Segment Start: RECORDED INFORMATION

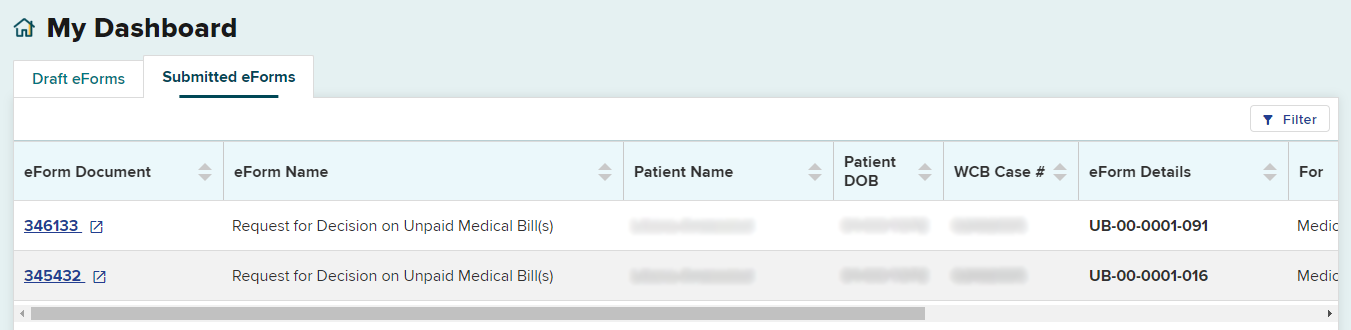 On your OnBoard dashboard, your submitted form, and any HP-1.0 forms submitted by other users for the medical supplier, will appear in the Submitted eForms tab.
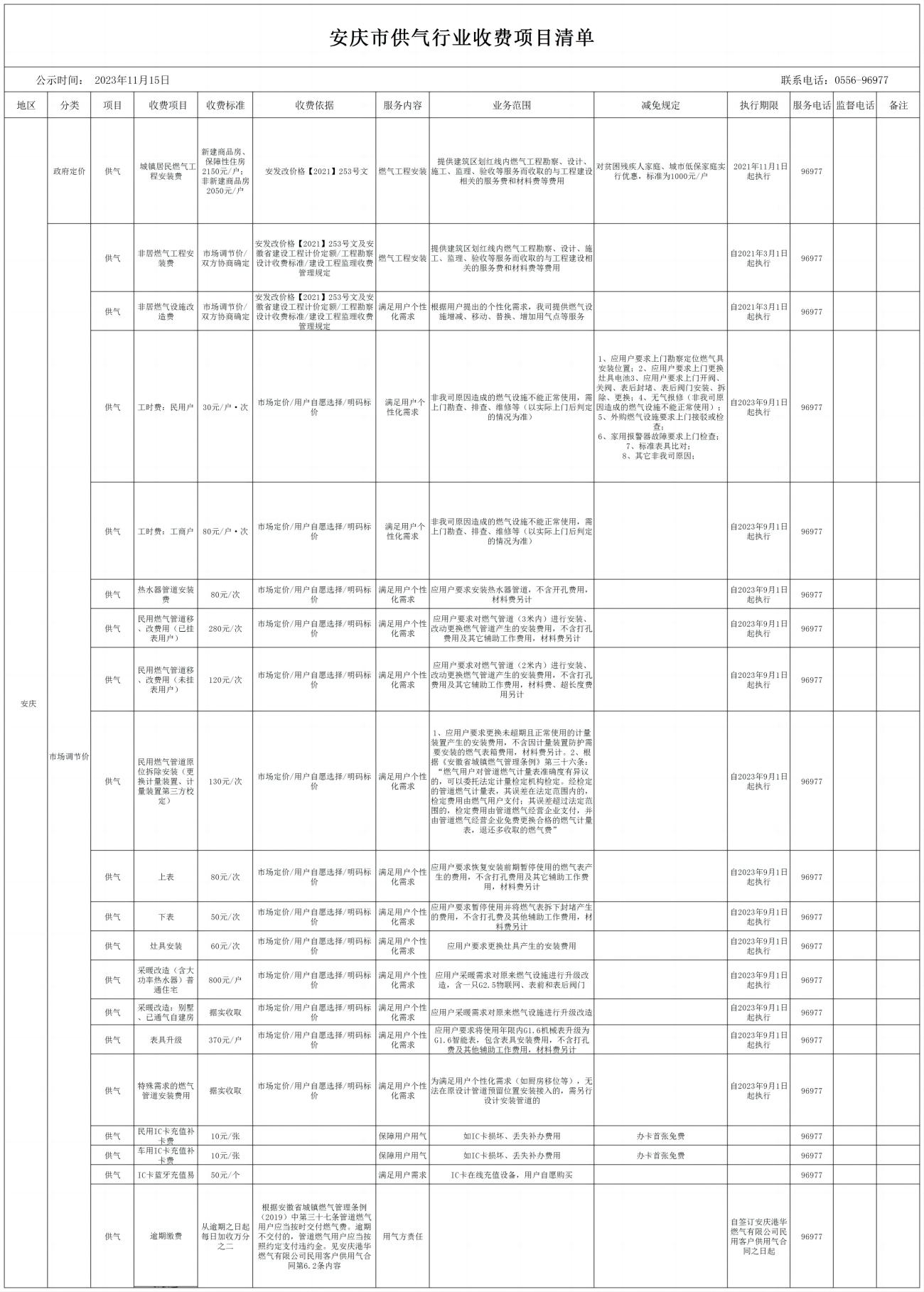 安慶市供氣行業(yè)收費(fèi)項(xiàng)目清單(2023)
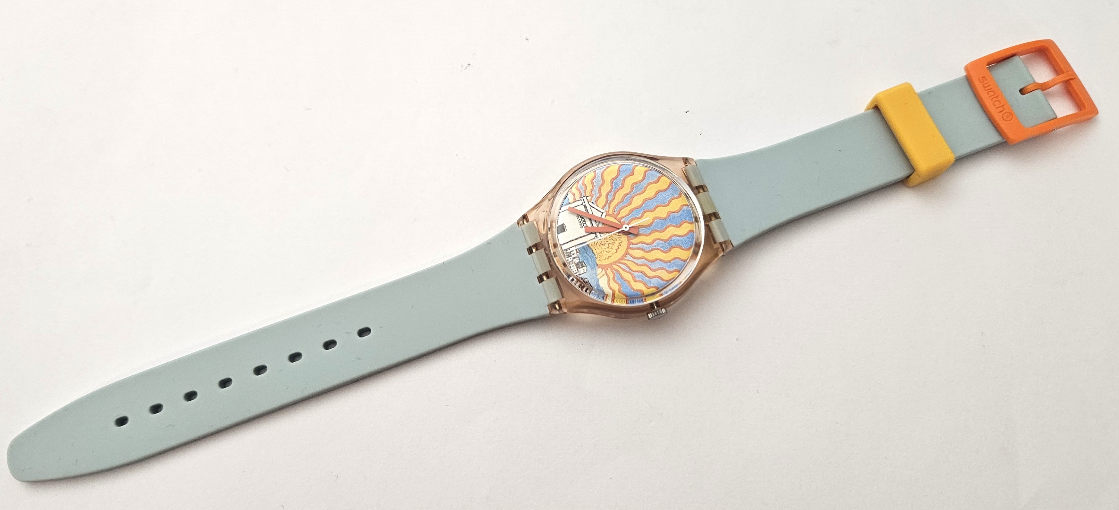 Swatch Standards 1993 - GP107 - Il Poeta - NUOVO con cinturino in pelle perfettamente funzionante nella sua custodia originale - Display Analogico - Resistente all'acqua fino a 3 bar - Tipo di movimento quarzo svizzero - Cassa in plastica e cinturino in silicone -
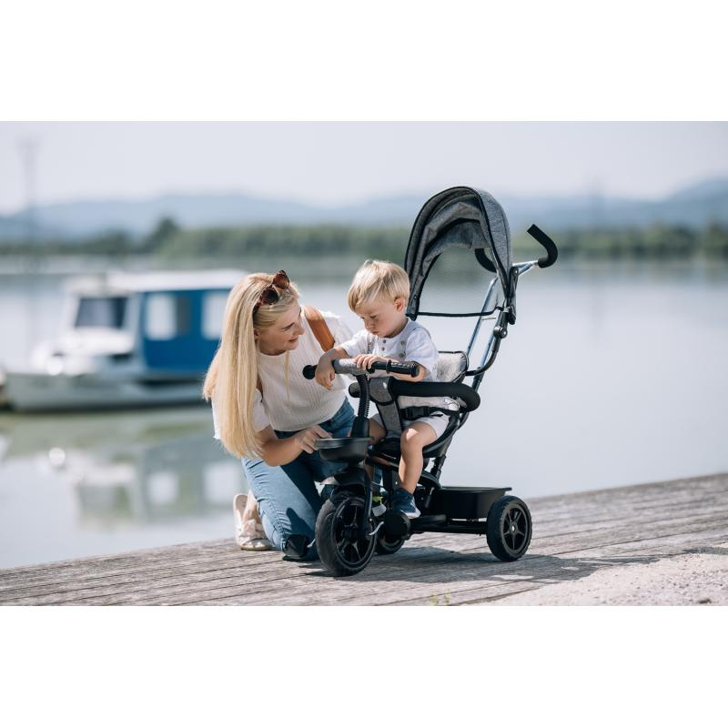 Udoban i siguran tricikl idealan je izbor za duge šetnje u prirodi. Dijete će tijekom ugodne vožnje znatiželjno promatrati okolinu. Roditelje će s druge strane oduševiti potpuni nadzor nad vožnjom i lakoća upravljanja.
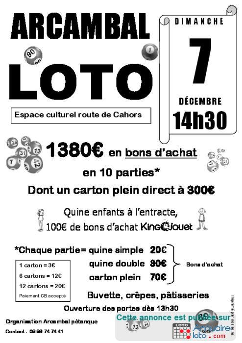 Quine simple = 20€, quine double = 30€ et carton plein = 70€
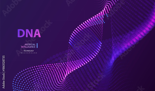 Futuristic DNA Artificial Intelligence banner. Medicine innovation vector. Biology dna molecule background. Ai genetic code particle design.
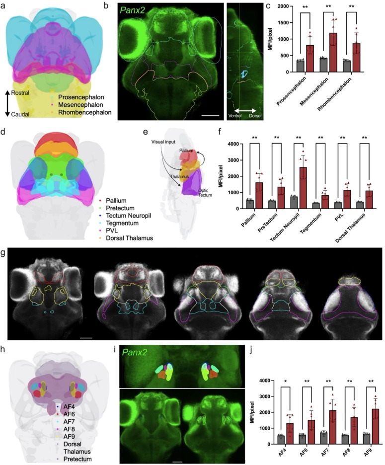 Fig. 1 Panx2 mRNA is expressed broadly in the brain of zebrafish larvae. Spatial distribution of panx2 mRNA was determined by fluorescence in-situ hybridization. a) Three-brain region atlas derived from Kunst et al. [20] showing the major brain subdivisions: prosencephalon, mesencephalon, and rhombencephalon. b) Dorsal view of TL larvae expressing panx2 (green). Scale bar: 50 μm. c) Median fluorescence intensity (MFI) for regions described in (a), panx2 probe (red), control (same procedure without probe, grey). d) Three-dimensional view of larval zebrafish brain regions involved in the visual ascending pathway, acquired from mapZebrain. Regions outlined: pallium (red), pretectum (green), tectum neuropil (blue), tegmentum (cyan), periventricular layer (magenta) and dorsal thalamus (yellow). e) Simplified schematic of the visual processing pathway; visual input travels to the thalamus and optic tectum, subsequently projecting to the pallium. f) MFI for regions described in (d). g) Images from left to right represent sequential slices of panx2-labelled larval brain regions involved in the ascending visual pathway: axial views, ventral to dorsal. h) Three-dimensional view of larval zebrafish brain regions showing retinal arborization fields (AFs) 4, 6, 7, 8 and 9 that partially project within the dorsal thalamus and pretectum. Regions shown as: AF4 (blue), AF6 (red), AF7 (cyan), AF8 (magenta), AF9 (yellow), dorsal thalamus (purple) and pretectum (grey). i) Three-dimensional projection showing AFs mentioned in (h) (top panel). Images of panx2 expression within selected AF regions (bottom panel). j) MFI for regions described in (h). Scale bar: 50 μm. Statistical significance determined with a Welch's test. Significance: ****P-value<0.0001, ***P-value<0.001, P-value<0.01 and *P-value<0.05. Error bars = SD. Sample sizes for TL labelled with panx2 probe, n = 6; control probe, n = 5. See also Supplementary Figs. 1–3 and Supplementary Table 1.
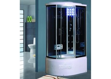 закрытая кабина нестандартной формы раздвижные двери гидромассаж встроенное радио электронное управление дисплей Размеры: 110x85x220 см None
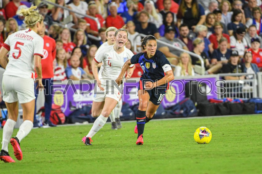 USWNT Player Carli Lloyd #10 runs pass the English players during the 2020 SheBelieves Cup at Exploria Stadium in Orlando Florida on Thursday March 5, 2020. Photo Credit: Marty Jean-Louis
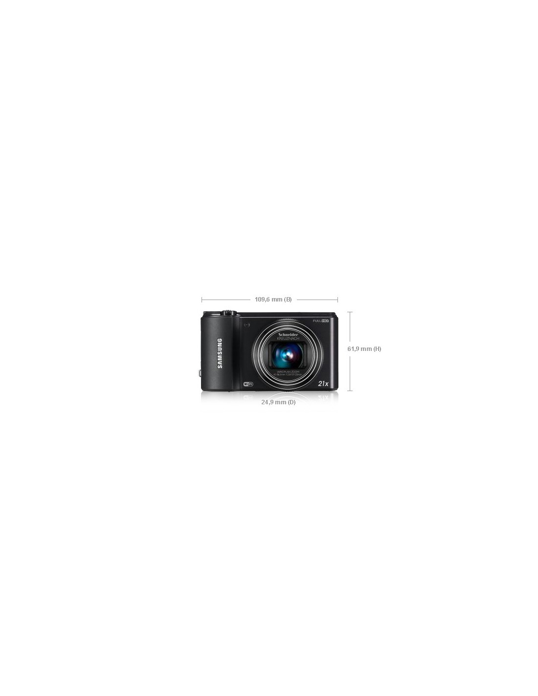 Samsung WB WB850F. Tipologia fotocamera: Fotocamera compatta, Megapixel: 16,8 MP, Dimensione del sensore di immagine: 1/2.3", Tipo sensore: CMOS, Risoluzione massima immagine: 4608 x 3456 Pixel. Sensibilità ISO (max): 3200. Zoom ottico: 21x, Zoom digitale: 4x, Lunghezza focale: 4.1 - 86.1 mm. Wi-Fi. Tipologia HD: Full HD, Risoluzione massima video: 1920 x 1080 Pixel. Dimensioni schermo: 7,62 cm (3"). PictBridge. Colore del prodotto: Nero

Segment End: RECORDED INFORMATION
Segment Start: RECORDED INFORMATION

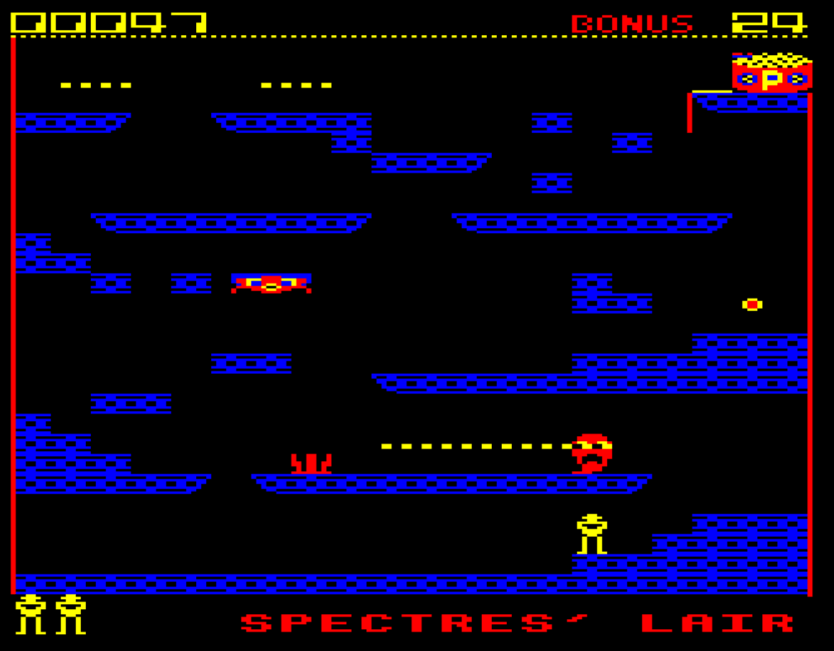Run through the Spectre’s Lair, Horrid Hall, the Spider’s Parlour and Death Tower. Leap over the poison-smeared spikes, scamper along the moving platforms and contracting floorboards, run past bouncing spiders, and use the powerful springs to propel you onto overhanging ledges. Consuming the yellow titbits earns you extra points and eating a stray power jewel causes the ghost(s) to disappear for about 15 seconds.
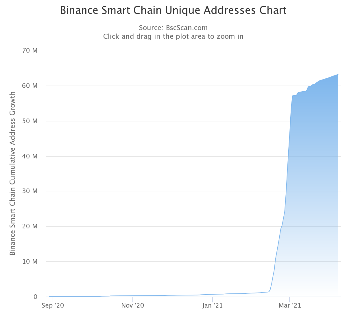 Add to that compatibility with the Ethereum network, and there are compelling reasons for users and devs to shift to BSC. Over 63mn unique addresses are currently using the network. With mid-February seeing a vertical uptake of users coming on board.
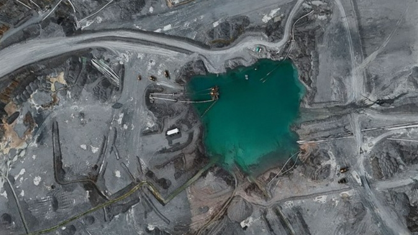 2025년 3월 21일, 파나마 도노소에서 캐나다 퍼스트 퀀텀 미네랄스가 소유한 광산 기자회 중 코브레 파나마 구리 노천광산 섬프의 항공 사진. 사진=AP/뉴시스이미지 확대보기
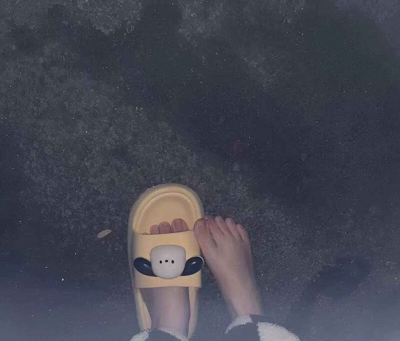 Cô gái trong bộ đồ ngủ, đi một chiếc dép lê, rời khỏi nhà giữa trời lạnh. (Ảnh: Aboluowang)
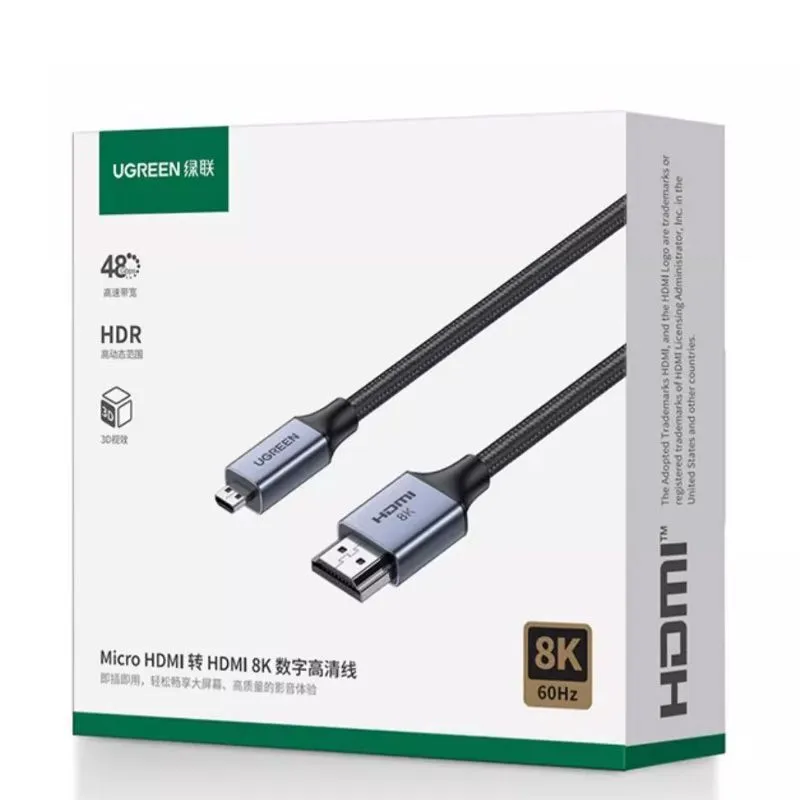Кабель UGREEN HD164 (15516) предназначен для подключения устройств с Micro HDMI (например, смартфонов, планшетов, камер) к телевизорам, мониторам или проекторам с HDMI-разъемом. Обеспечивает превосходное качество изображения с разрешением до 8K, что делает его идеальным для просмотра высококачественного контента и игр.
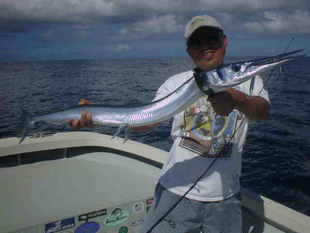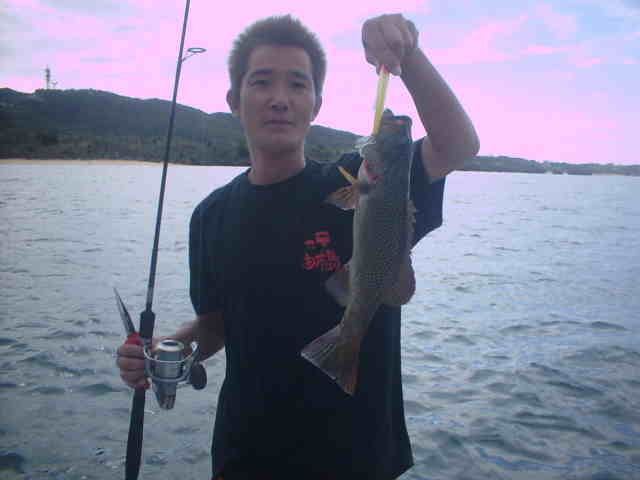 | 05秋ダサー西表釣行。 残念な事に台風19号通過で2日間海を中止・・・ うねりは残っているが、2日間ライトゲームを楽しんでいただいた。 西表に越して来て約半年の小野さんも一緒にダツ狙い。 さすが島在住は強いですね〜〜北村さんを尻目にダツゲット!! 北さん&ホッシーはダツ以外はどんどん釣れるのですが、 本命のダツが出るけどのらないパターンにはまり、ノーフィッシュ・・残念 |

Segment End: RECORDED INFORMATION

TO DO
Write back word for word every line in the entries above from the one with "Add to that" to the one with "Cô gái trong", ends included, and none of the pictures.

WRITTEN SOLUTION
 Add to that compatibility with the Ethereum network, and there are compelling reasons for users and devs to shift to BSC. Over 63mn unique addresses are currently using the network. With mid-February seeing a vertical uptake of users coming on board.
 2025년 3월 21일, 파나마 도노소에서 캐나다 퍼스트 퀀텀 미네랄스가 소유한 광산 기자회 중 코브레 파나마 구리 노천광산 섬프의 항공 사진. 사진=AP/뉴시스이미지 확대보기
 Cô gái trong bộ đồ ngủ, đi một chiếc dép lê, rời khỏi nhà giữa trời lạnh. (Ảnh: Aboluowang)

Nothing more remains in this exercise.